Lee Scott H
Centers for Disease Control and Prevention, Atlanta, GA, USA.
NPJ Digit Med. 2018 Nov 19;1:63. doi: 10.1038/s41746-018-0070-0. Print 2018.
One broad goal of biomedical informatics is to generate fully-synthetic, faithfully representative electronic health records (EHRs) to facilitate data sharing between healthcare providers and researchers and promote methodological research. A variety of methods existing for generating synthetic EHRs, but they are not capable of generating unstructured text, like emergency department (ED) chief complaints, history of present illness, or progress notes. Here, we use the encoder-decoder model, a deep learning algorithm that features in many contemporary machine translation systems, to generate synthetic chief complaints from discrete variables in EHRs, like age group, gender, and discharge diagnosis. After being trained end-to-end on authentic records, the model can generate realistic chief complaint text that appears to preserve the epidemiological information encoded in the original record-sentence pairs. As a side effect of the model's optimization goal, these synthetic chief complaints are also free of relatively uncommon abbreviation and misspellings, and they include none of the personally identifiable information (PII) that was in the training data, suggesting that this model may be used to support the de-identification of text in EHRs. When combined with algorithms like generative adversarial networks (GANs), our model could be used to generate fully-synthetic EHRs, allowing healthcare providers to share faithful representations of multimodal medical data without compromising patient privacy. This is an important advance that we hope will facilitate the development of machine-learning methods for clinical decision support, disease surveillance, and other data-hungry applications in biomedical informatics.

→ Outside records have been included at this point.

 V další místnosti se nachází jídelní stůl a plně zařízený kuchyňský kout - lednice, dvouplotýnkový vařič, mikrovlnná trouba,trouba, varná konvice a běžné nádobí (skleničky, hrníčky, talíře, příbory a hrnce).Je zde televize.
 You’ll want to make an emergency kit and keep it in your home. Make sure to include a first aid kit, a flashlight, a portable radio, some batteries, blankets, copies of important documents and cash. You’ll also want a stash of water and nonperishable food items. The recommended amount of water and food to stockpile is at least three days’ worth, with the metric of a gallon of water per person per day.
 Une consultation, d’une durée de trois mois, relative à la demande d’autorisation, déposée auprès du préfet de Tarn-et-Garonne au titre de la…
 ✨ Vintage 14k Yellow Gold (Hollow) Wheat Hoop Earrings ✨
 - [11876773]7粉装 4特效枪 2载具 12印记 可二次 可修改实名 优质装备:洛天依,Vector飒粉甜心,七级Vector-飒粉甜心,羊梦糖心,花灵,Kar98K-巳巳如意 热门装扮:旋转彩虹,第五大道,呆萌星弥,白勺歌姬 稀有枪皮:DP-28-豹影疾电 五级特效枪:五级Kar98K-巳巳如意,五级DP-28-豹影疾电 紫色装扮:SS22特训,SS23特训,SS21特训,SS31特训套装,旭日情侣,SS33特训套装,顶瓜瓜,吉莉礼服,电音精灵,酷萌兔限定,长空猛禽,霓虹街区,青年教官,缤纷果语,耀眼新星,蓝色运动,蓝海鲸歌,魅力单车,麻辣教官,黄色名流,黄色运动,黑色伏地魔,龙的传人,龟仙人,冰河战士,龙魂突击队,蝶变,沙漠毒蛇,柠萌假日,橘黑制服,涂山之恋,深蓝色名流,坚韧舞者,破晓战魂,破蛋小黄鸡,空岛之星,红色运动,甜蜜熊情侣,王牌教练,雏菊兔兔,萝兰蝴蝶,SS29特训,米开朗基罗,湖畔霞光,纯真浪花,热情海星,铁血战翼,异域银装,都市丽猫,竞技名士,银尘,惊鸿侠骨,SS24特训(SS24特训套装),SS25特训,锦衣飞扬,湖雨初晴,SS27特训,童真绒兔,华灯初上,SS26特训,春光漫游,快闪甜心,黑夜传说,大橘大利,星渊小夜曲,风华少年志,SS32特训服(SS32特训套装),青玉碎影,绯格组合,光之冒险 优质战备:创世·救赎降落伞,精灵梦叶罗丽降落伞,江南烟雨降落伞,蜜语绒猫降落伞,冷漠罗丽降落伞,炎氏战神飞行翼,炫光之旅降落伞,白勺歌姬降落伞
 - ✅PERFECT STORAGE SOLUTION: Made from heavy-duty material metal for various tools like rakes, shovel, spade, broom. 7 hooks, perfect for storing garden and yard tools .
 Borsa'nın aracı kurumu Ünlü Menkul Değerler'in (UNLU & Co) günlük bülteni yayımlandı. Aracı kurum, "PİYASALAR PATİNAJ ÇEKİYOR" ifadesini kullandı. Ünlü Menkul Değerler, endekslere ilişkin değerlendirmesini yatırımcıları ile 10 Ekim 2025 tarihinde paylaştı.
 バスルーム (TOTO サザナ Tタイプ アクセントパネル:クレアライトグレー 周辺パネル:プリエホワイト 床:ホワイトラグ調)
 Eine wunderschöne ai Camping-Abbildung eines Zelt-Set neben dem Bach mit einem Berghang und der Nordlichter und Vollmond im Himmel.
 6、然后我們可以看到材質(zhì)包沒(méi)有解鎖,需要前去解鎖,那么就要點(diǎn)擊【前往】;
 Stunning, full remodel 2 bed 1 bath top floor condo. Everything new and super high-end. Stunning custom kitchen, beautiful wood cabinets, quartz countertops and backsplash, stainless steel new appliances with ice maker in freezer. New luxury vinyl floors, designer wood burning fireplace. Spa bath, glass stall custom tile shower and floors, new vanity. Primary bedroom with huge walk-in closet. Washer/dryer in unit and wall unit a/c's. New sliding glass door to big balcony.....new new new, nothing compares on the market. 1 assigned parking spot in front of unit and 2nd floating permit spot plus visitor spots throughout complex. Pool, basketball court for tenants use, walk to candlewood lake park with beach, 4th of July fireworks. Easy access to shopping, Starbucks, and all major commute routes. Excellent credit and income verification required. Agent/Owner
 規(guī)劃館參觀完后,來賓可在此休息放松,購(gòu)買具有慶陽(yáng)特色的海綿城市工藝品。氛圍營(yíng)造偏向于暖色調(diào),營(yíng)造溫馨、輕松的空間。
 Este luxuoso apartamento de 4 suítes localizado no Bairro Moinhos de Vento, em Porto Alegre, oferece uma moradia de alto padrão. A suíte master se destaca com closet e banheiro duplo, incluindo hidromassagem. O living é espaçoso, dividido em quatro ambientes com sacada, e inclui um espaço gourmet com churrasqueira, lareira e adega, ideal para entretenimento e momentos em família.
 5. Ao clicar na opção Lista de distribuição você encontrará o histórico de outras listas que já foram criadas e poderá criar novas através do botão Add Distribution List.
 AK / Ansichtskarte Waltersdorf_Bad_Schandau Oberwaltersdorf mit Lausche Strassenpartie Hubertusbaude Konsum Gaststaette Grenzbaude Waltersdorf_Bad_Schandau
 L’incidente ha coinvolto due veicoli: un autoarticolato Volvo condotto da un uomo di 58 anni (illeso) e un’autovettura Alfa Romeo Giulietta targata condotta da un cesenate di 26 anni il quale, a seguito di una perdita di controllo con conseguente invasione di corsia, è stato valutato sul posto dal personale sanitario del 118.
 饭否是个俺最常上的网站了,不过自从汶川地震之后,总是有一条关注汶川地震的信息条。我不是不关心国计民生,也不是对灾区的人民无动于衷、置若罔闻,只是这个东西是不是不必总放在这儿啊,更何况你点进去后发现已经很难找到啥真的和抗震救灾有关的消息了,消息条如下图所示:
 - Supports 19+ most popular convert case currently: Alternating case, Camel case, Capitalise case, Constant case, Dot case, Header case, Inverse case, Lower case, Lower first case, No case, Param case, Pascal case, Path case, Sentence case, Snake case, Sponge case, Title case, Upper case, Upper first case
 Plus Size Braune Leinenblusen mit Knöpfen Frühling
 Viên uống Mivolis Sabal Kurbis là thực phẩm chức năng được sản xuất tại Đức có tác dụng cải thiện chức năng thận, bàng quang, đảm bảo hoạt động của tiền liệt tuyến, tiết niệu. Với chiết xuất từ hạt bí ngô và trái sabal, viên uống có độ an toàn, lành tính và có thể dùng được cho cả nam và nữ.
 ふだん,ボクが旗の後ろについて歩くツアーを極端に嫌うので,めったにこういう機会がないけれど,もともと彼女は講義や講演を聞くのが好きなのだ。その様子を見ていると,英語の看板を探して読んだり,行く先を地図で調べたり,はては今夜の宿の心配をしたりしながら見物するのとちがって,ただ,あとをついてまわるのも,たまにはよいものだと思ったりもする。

生物医学信息学的一个广泛目标是生成完全合成的、具有忠实代表性的电子健康记录(EHR),以促进医疗保健提供者和研究人员之间的数据共享,并推动方法学研究。现有的多种方法可用于生成合成EHR,但它们无法生成非结构化文本,如急诊科(ED)主诉、现病史或病程记录。在此,我们使用编码器-解码器模型(一种在许多当代机器翻译系统中具有特色的深度学习算法),根据EHR中的离散变量(如年龄组、性别和出院诊断)生成合成主诉。在对真实记录进行端到端训练后,该模型可以生成逼真的主诉文本,这些文本似乎保留了原始记录-句子对中编码的流行病学信息。作为模型优化目标的一个附带效果,这些合成主诉也没有相对罕见的缩写和拼写错误,并且不包含训练数据中的任何个人身份信息(PII),这表明该模型可用于支持EHR中文本的去识别。当与生成对抗网络(GAN)等算法结合使用时,我们的模型可用于生成完全合成的EHR,使医疗保健提供者能够共享多模态医疗数据的忠实表示,而不会损害患者隐私。这是一项重要进展,我们希望它将促进用于临床决策支持、疾病监测以及生物医学信息学中其他数据需求大的应用的机器学习方法的发展。